В-четвертых, прародитель надеялся, что явится в свое время «вихрь» и разнесет все недоразумения, жертвою которых он пал. Он сам не раз был свидителем появления подобных вихрей, видал их собственными глазами. Имярек, воспитанный в идеях современного вольномыслия (не он один, а все в этих идеях воспитаны), относился к «вихрям» равнодушно, не помнил, чтобы когда-нибудь видел их, а потому и надеяться на их появление не мог. Он знал, что в условленный час придет доктор и что-нибудь пропишет. Настоящим образом это прописанное не избавит его от страданий, но сделает последние менее жгучими, даст возможность дождаться следующего дня.

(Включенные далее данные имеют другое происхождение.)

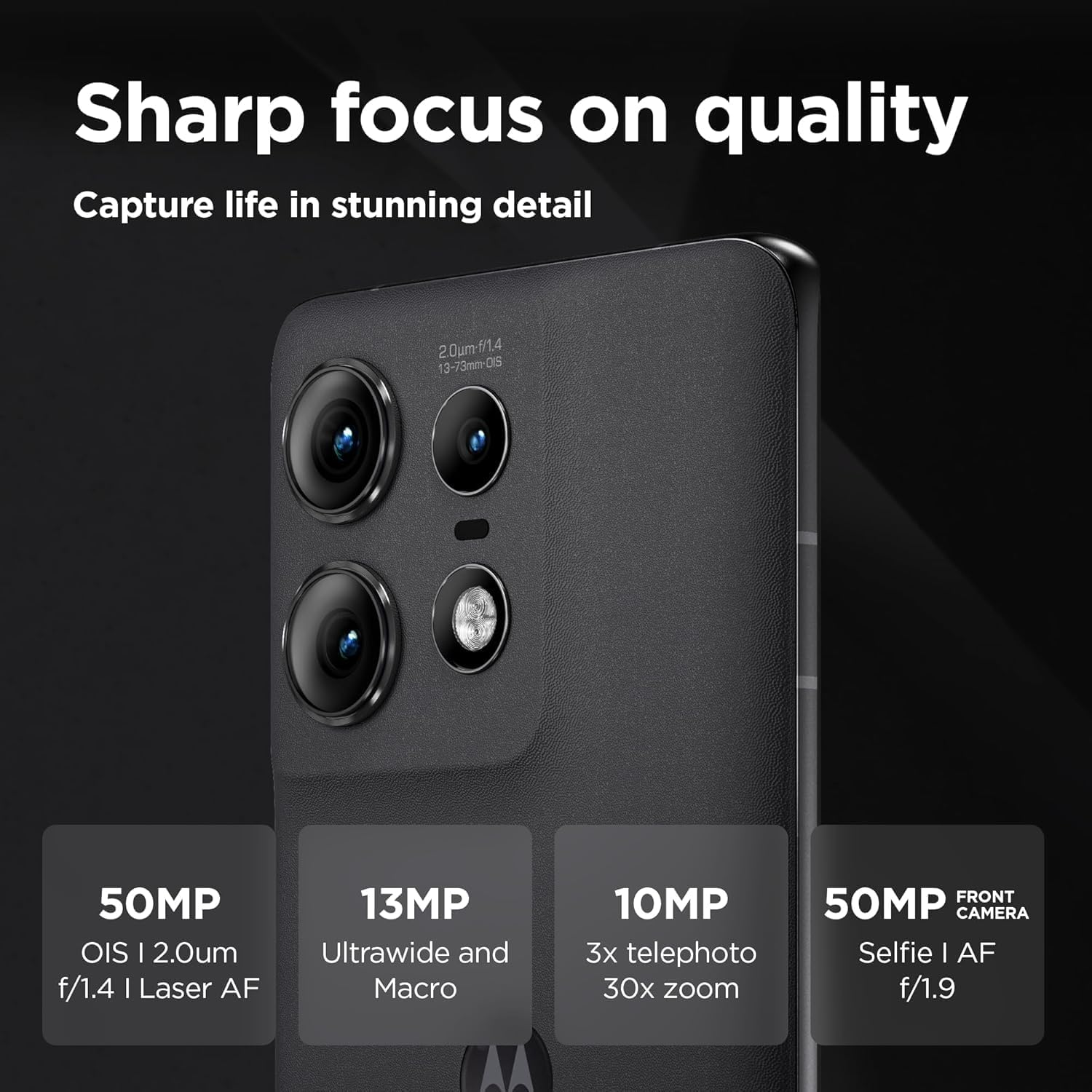 The Motorola Edge 50 Pro 5G delivers flagship-level performance with a Snapdragon 7 Gen 3 processor, 12GB RAM, and a stunning 6.7" Super HD pOLED display featuring HDR10+, 10-bit color, DCI-P3 coverage, and a smooth 144Hz refresh rate. This globally unlocked device works with all carriers outside the USA, but within the USA it is compatible ONLY with T-Mobile, Metro, Mint, Tello, and other T-Mobile-based networks. Its advanced triple-camera system includes a 50 MP main sensor with OIS, a 13 MP ultrawide/macro lens, and a 10 MP telephoto lens with 3x optical zoom, plus a 50 MP autofocus front camera for exceptional photo and video quality. With IP68 water protection, Wi-Fi 6E, dual nano SIM support, 512GB storage, a 4500 mAh battery with fast charging, and security features like an in-display fingerprint reader, face unlock, and ThinkShield Moto Secure, the Edge 50 Pro is built for power, creativity, and durability. This model includes a phone case and power adapter.

На следующий день Имярек получит другое средствице, которое поможет дождаться еще следующего дня, и т. д. Вечером, ложась спать, он будет думать: «Через семь часов опять утро, опять удручающий кашель, опять лекарство — хоть бы семь-то часов спокойно проспать!» Утром, вставая с постели, будет думать: «Вот и утро наступило! Ах, если бы поскорее оно прошло!» Затем — целый день одиночества, уныния, тоски и, наконец, опять ночь. Зачем все эти утра, дни и ночи сменяют друг друга? Что дальше? Все это такие вопросы, которые прародителю и во сне не снились. А между тем в них-то именно и замыкается все мучение потухающей жизни.

Имярек мало-помалу вступил в тот фазис болезненного существования, когда людям здорового мира представляется возможным и даже естественным оказывать человеку всякого рода пренебрежение. Можно помнить о нем, но можно и забыть; можно интересоваться его положением, но можно и не интересоваться; можно навестить его, но можно и не навестить. Сам по себе человек утрачивает всякую цену или сохраняет ее лишь в той мере, в какой это удобно для того или другого лица. Идет мимо старый знакомый, гуляет: «А что, не зайти ли?» — и зайдет.

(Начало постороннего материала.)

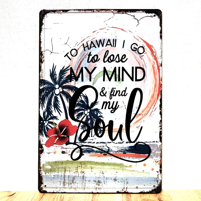 「FIND MY SOUL」と書かれたハワイアンなデザインのブリキ看板です。

— А вы как будто похудели?

— Еще бы! Сколько времени не видались!

— Представьте себе, а мне кажется, точно вчера я вас видел! Но при этом я должен сказать, что бывал бы у вас чаще, да боюсь беспокоить!

— Ну, что уж…

— Да, похудели-таки вы. А все-таки, сравнительно с прошлым годом — помните? — большой и даже очень большой успех! Ну, прощайте, я тороплюсь!

Возьмет шляпу и уйдет. Но иногда и воротится.

— Да, чуть не забыл вам рассказать, что у нас в сферах делается…* Умора!

— Не интересует это меня.

— Не интересует? Напрасно! Это вас развлекало бы, дало бы пищу для вашей наблюдательности. Ну, так прощайте. Я, в самом деле, тороплюсь.

Метеор промелькнул и исчез. Только очень немногие продолжают видеть в Имяреке человека, более нежели когда-либо нуждающегося в сочувствии. Но и у этих немногих — дела. Дела загромоздили весь досуг; не осталось ни одной свободной минуты. Он один, Имярек, совсем свободен; для него одного предоставлен бесконечный досуг, формулируемый словами: забвенье, скука, тоска.

На дворе конец ноября, но зимы еще нет. День продолжается всего четыре часа, да и то мутный, наводящий уныние. В третьем часу зажигают огни, а вместе с ними обостряется и тоска. Все боли чувствуются вдвойне; несмотря на безусловный покой, организм поражен усталостью. Пробуждается память прошлого, припоминаются недавние связи, недавняя возможность передвижения, участия в жизни. Встают обиды, подозрительность, опасения… В сущности, положение и без того безнадежно, но окажется, что завтра ему предстоит сделаться еще более безнадежным. До каких пор дойдет это ухудшение? Ужели до гноища?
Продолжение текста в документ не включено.